I don't know, it's just what pops up if i try to google

yes that implication is wrong

without a doubt

a clear example is considering g = 1 and h = r^2 in D8

it can't be right

yes

it is wrong

but the conclusion of the exercise is right

they clearly made a mistake

in trying to structure the exercise

yeah the conclusion is right

thanks 👍

Yep, though I’ve gotten a lot more into Galois theory and proving simple things using abstract algebra.

that's awesome to hear 👍

Ty man. Also I’m having my first abstract algebra tutoring session on the 1st.
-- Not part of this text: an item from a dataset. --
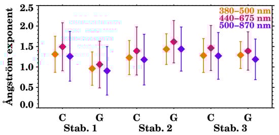 Measurements from three additional ground-based remote sensing instruments, a microwave radiometer profiler (MWR), a ceilometer, and a sun photometer are used. The MWR (MP3014 from Radiometrics) measures the sky brightness temperature (BT) at 12 frequencies; the inversion of this quantity provides temperature, humidity, and cloud liquid water profiles up to 10 km as well as an estimation of the integrated water vapor (IWV) and the cloud liquid water path (LWP) [24]. The ceilometer (CT25K from VAISALA) is continuously measuring the cloud base height and the signal backscattered by atmospheric particles at 905 nm up to km [24]. The sun photometer (CE-318 from CIMEL) measures the direct solar irradiance and sky radiance at Earth’s surface. It is operational within the AERosol RObotic NETwork (AERONET), performs columnar measurements, and one of its main products is the multi-wavelength aerosol optical depth (AOD), which can be used to estimate the aerosol size distribution [24].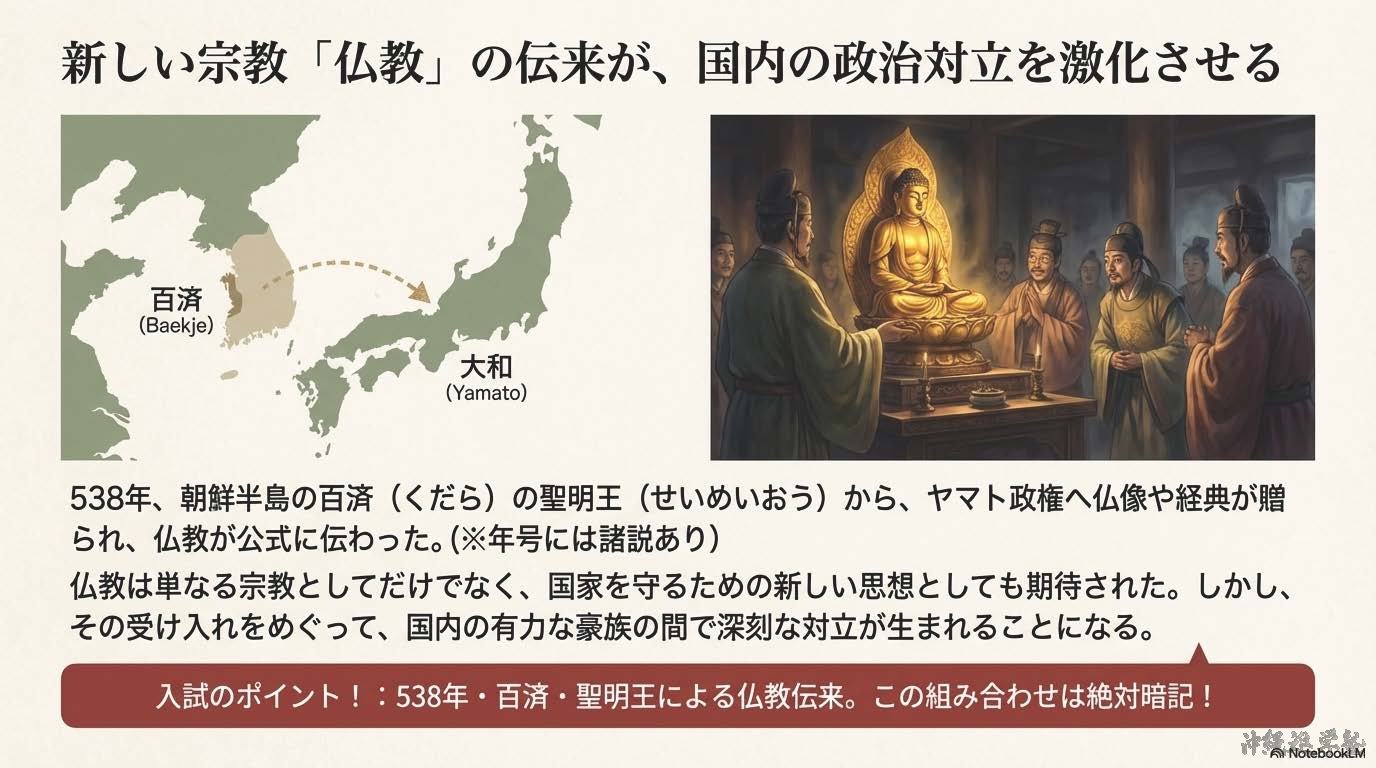 ⑦仏教伝来:538年・百済の聖明王

Should make things a lot easier now that I don’t have to teach all of it to myself.

Is this proof of cauchy theorem (for abelian) right? Claim: G finite abelian has element order prime p | |G|

We prove this by induction on |G|. Take arbitary g. Then <g> has an element q of prime order, if this is p we are done, if not then G/<g> has order |G|/q by Lagrange's theorem. This group has an element order p by hypothesis and then the preimage under canonical surjection has order dividing p, hence order p as desired.

... the preimage under canonical surjection has order dividing p ...
This isn't true

It is true that it has order divisible by p though, so you can still fix it.

i see. if this preimage is m, |m|=kp, then does m^k work then

Yes that's exactly right

Perhaps unsurprisingly then, this theorem about finite Abelian groups boils down to one about finite cyclic groups. It's almost as if finite Abelian groups are made up of cyclic groups or something crazy like that...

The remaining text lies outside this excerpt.